BEGIN Supplied information
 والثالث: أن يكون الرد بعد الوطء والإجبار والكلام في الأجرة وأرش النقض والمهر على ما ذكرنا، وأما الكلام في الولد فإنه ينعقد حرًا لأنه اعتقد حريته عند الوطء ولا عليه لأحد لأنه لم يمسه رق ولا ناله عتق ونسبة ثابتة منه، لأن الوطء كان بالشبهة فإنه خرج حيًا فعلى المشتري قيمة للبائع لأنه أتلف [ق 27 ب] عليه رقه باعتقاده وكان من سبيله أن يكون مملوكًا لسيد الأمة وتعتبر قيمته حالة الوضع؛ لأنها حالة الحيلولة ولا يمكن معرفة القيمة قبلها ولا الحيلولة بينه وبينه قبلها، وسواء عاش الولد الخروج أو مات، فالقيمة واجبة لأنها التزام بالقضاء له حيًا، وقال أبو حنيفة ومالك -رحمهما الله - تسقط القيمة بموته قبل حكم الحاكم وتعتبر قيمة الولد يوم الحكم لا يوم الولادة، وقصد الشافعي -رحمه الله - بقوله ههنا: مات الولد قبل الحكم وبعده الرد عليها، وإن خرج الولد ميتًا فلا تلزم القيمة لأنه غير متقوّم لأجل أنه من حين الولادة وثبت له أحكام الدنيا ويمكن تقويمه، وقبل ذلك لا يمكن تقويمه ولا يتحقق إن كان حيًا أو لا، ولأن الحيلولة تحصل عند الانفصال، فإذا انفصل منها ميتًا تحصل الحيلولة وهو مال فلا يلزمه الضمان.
END Supplied information
BEGIN Supplied information
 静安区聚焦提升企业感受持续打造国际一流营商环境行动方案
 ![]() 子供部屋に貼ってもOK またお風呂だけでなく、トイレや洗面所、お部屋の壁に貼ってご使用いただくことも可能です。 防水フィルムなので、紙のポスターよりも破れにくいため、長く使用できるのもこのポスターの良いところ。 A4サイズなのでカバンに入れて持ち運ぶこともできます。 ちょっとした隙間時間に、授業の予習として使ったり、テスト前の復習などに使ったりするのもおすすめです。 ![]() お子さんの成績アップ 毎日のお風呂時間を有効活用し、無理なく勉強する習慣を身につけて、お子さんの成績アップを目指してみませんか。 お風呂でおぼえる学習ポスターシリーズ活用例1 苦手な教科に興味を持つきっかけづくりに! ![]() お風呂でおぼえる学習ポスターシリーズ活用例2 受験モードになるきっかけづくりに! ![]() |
END Supplied information
What is expected: Of the entries above, transcribe exactly those lines that fall between the line containing "静安区聚焦提升企业感受持续打造国际一流营商环境行动方案" and the line containing "受験モードになるきっかけづくりに! ![]() |", together with those two lines.

Answer section:
 静安区聚焦提升企业感受持续打造国际一流营商环境行动方案
 ![]() 子供部屋に貼ってもOK またお風呂だけでなく、トイレや洗面所、お部屋の壁に貼ってご使用いただくことも可能です。 防水フィルムなので、紙のポスターよりも破れにくいため、長く使用できるのもこのポスターの良いところ。 A4サイズなのでカバンに入れて持ち運ぶこともできます。 ちょっとした隙間時間に、授業の予習として使ったり、テスト前の復習などに使ったりするのもおすすめです。 ![]() お子さんの成績アップ 毎日のお風呂時間を有効活用し、無理なく勉強する習慣を身につけて、お子さんの成績アップを目指してみませんか。 お風呂でおぼえる学習ポスターシリーズ活用例1 苦手な教科に興味を持つきっかけづくりに! ![]() お風呂でおぼえる学習ポスターシリーズ活用例2 受験モードになるきっかけづくりに! ![]() |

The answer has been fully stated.